Become a fan of Slashdot on Facebook

 



Forgot your password?
typodupeerror
×
Programming IT Technology

How Do You Handle Unicode? 15

spectecjr asks: "The word on the street is that Unicode is the panacea for programming globalizable applications. The thing is, which operating systems support it? And how much work do you need to do? Allegedly, KDE and GNOME both support Unicode. Windows 9x supports it, but in a rather fragmented manner. Windows 2000 is Unicode to the extreme, even supporting Dvengali, Thai and Arabic script on all versions. But what are the pitfalls? What do you have to be aware of? What makes it different than talking to ASCII? How do you handle whitespace? How do you make your API display the characters in the right fonts? All of these issues are becoming more important as the world becomes more switched on, and the boundaries shrink between places. But what does it really mean for Joe Q. Developer?"

For some related articles on this subject, you might want to check out the following:

This discussion has been archived. No new comments can be posted.

How do You Handle Unicode?

Comments Filter:
  • The PNG format has a new (January 1999) chunk called "iTXt" that conveys text in the Unicode UTF-8 character set.

    What's different about Unicode? For one thing, at one point we were thinking of developing a chunk that could contain a graphical font (images of symbols) which would be easy to do in ASCII (256 pointers into the table) but was complex enough to do with large character sets that we gave up.
  • get a (+1;informative) for posting the links to previous /. discussions on this topic?

    Inquiring minds want to know...
  • To say that Windows 9x supports Unicode "in a fragmented manner" is putting it mildly. Windows 9x supports converting Unicode to/from any installed ANSI codepage, but almost nothing else. 99% of the Win32 APIs in Win9x do NOT support Unicode strings, whereas in NT and W2000, almost all do.

    More generally, how one handles Unicode depends on what form of Unicode one wants to support. There are at least three basic varieties. MS Windows supports only UCS-2, in which all characters are two bytes wide. UTF-8 (variable-length characters) is supported only by the URL library. UCS-4 (all characters four bytes wide) is not supported at all. (There is also a variety called UTF-16 which I don't recall the details of. I think it's like UTF-8, but with 16-bit words instead of 8-bit bytes making up the individual components of each variable-length character.) String processing in variable length character sets is a pain, though it's easier in UTF-* than it is in MBCS because Unicode guarantees that the ranges of lead and trail bytes don't overlap.
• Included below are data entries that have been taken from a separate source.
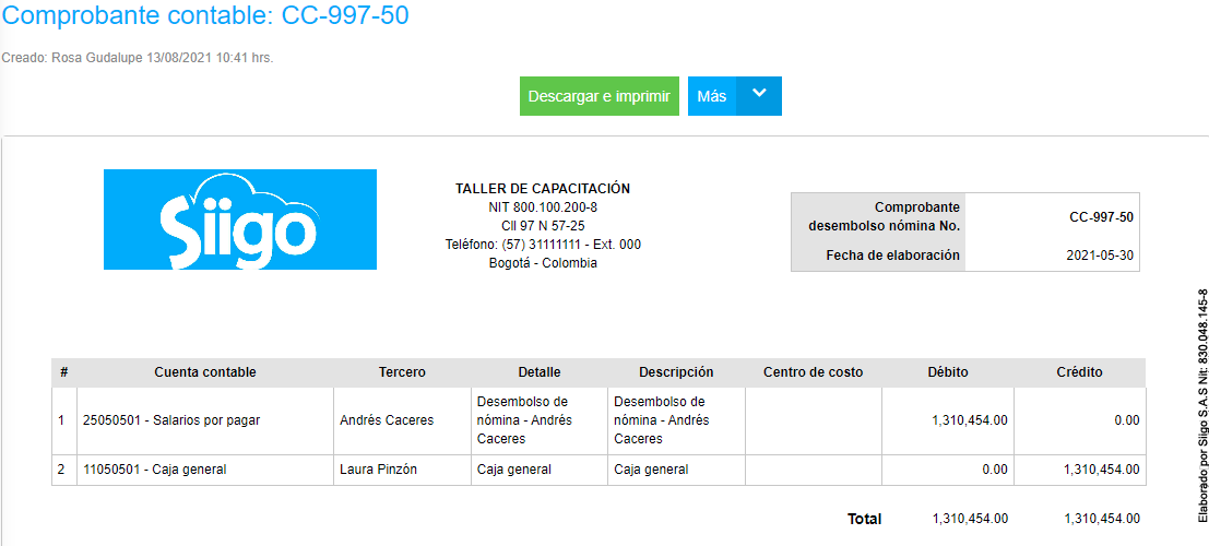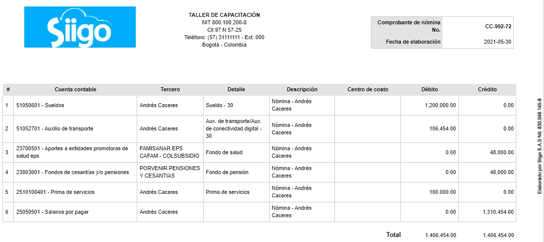 Este proceso te permite registrar el movimiento contable de la Nómina Electrónica Lite por medio de comprobantes contables en tu Siigo Nube.
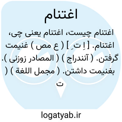 اغتنام. [ اِ ت ِ ] ( ع مص ) غنیمت گرفتن. ( آنندراج ) ( المصادر زوزنی ). بغنیمت داشتن. ( مجمل اللغة ) ( تاج المصادر بیهقی ). غنیمت شمردن. ( منتهی الارب ). افتراص. ( تاج المصادر بیهقی ). انتهاز. ( یادداشت بخط مؤلف ). غنیمت شمردن. ( منتهی الارب ) ( از اقرب الموارد ): شمس المعالی در اکرام مقدم و احترام جانب و اغتنام مورد او همه غایتی رسید. ( ترجمه تاریخ یمینی ص 43 ). || غنیمت گرفتن از کنار. ( آنندراج ) ( یادداشت بخط مؤلف ). || انتهاز غنم؛ بدست آوردن گوسفند. ( از اقرب الموارد ).
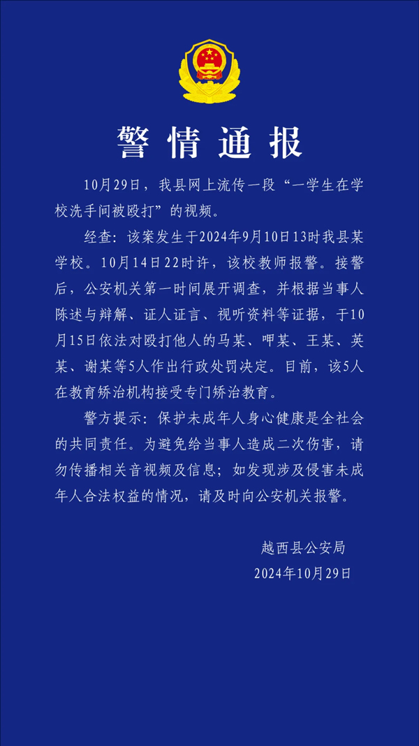 一學生在校洗手間被毆打?四川越西警方通報:5人被行政處罰,接受專門矯治教育
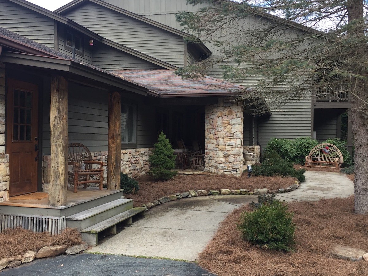 Ridgecrest Unikali kaimiško pučiančio uolos NC trobelė su nuostabiais tolimojo BlueRidge kalnų vaizdais į Pisgah nacionalinį mišką. Suprojektavo Lisa Harris Ši stilinga kalnų moderni trobelė yra prabangi, graži su dviem pagrindiniais miegamaisiais su pilnais vonios kambariais. Trobelė suprojektuota atkreipiant dėmesį į detales ir kuruojama, kad svečiai jaustųsi patogiai. Patirkite nuolat besikeičiančius įspūdingus vaizdus iš dviejų pusių. Jis įsikūręs tarp vešlių, žalių gamtos vaizdų netoli Pūtimo uolos kaimo.

  • I've been playing with XHTML and as an experiment I have set up this page:

    http://c.croome.net/ [croome.net]

    to be served as UTF-8 and the same page at this address:

    http://chris.croome.net/ [croome.net]
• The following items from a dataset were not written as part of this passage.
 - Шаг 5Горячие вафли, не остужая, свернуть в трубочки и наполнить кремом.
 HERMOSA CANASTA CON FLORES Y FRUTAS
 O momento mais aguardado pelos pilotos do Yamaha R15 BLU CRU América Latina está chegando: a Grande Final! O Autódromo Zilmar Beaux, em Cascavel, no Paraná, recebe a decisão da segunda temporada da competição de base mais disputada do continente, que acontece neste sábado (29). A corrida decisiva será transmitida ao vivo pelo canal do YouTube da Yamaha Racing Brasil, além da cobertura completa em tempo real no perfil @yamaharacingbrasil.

    to be served as ISO-8859-1

    It causes NN4.x to do some slightly weird things in X11 -- you get different fonts!

    I've tested it in IE 4 and 5 and NN 1, 2, 3 and 4 on windoze and NN 3, 4 and 6 in Linux and Lynx in Linux and all seems to be OK.

    I have heard it said that some old browsers might not be able to cope with UTF-8... but I don't have any evidence for this... Perhaps I should try and translate the site into German or something and see what happens then?
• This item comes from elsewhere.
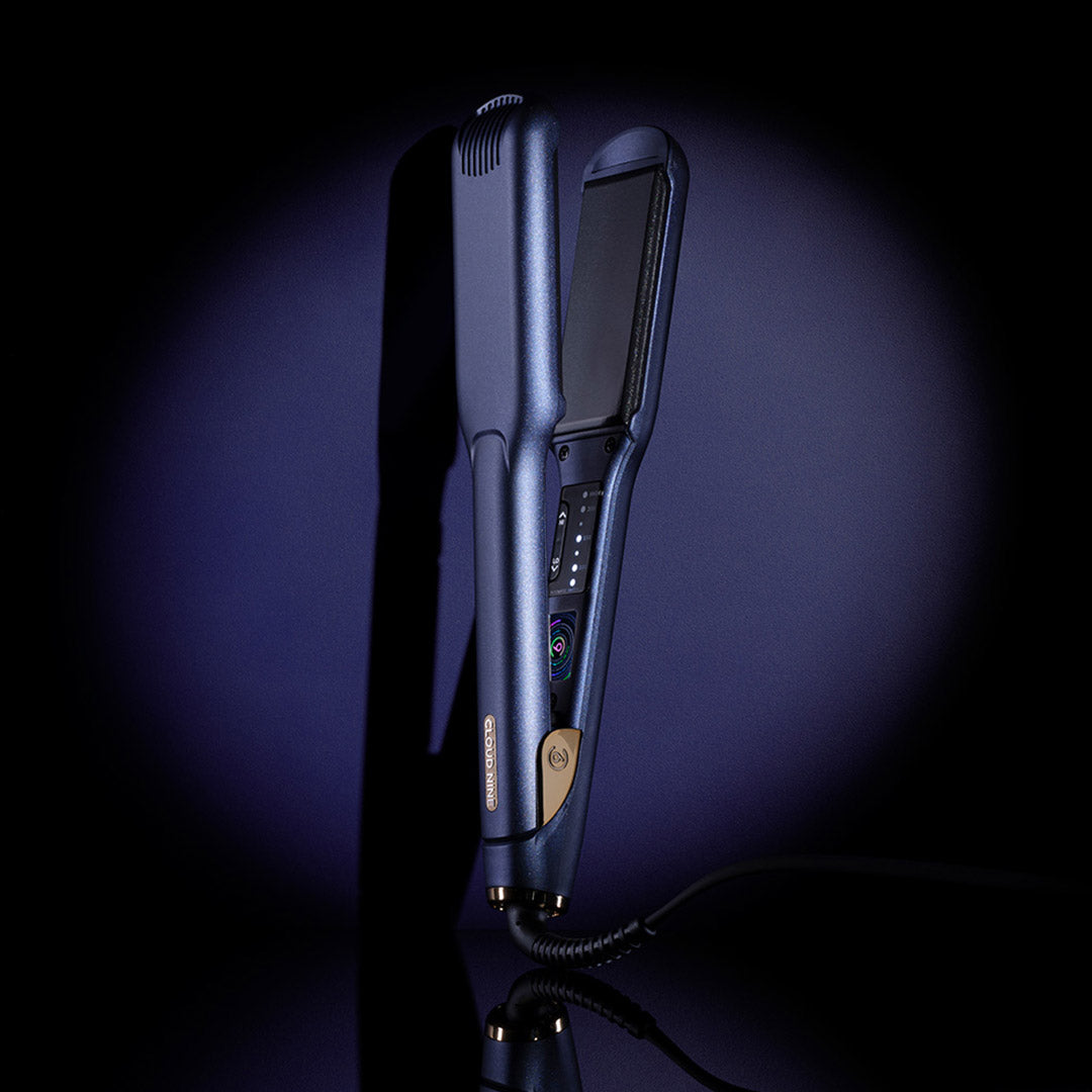 CLOUD NINE The Wide Iron Midnight features a Variable Temperature Control ranging from 100°C to 200°C across seven settings. Plates infused with our signature healing minerals Sericite and Tourmaline to seal the hair’s cuticle and lock in moisture. Floating plates cushion the impact, minimising drag and friction to reduce split ends and breakage. Automatic switch off after 30 minutes.
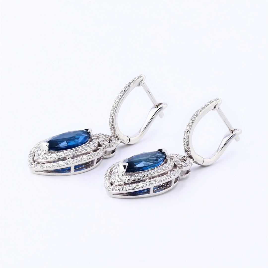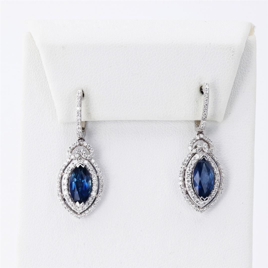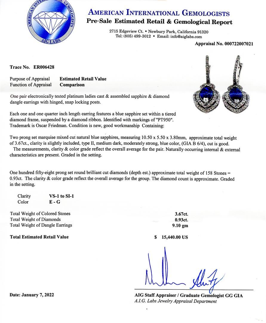 3.67ctw Blue Sapphire and 0.93ctw Diamond Platinum Earrings. Please see Photos and Description for all available information. This 3.67ctw Blue Sapphire and 0.93ctw Diamond Platinum Earrings is available in various metals. This pair is set in platinum. Set with 158 Diamonds, this pair is sure to make a statement. Every pair is handcrafted by our expert jewelers.

    Anyway, my conclusion is that for web sites in English there seems to be no problem in using UTF-8, however I don't think there is any advantage either! Please correct me if I'm wrong.


    --
  • The thing is, which operating systems support it? And how much work do you need to do?

    These two questions are quite closely related. If your operating system supports Unicode well, your level of extra work ranges from none to a little bit for programs that work with text (like word processors). Text processing programs often need to work with whitespace and case. Luckily, the Unicode Consortium offers small databases of the characters that are whitespace, and those which have counterparts in other cases. These are probably built into an operating system with good Unicode support.

    At the other extreme, an operating system that doesn't have any Unicode support is going to require a lot of extra work from you, the developer. Sometimes, you can use the ASCII-compatible UTF-8 encoding to slip Unicode through OS functions that work on ASCII, but you'll probably most often end up working with Unicode internals to your program, and then interfacing with the OS in ASCII and/or its native character set. Display of non-native scripts is going to be the hardest part. If your host OS at least supports TrueType fonts, your program then must find out how the glyphs are encoded in the fonts to get the proper glyphs for display. This method works for XFree86 displays. If your host OS only has a font system geared toward its native character set, well, you're in for a world of pain extending it. And of course, for real Unicode support, you'll need to write a text display system that supports at least the Unicode directionality hints...

    But what are the pitfalls? What do you have to be aware of? What makes it different than talking to ASCII?

    First off, you have the issue of internal representation of characters. Do you choose UTF-8? If your program deals mostly with English characters, UTF-8 is the smallest. It's also more compute-intensive, as the characters are variable width. How about UCS2? It's uses 16-bit wide characters, and thus more space for English scripts, though each character is a fixed width. You do have to process it looking for surrogate character pairs when displaying text, though. Then there's also UCS4, where each character is 32 bits. That uses a lot more storage, but each character is exactly 32-bit (i.e. not variable width, nor are there any surrogates).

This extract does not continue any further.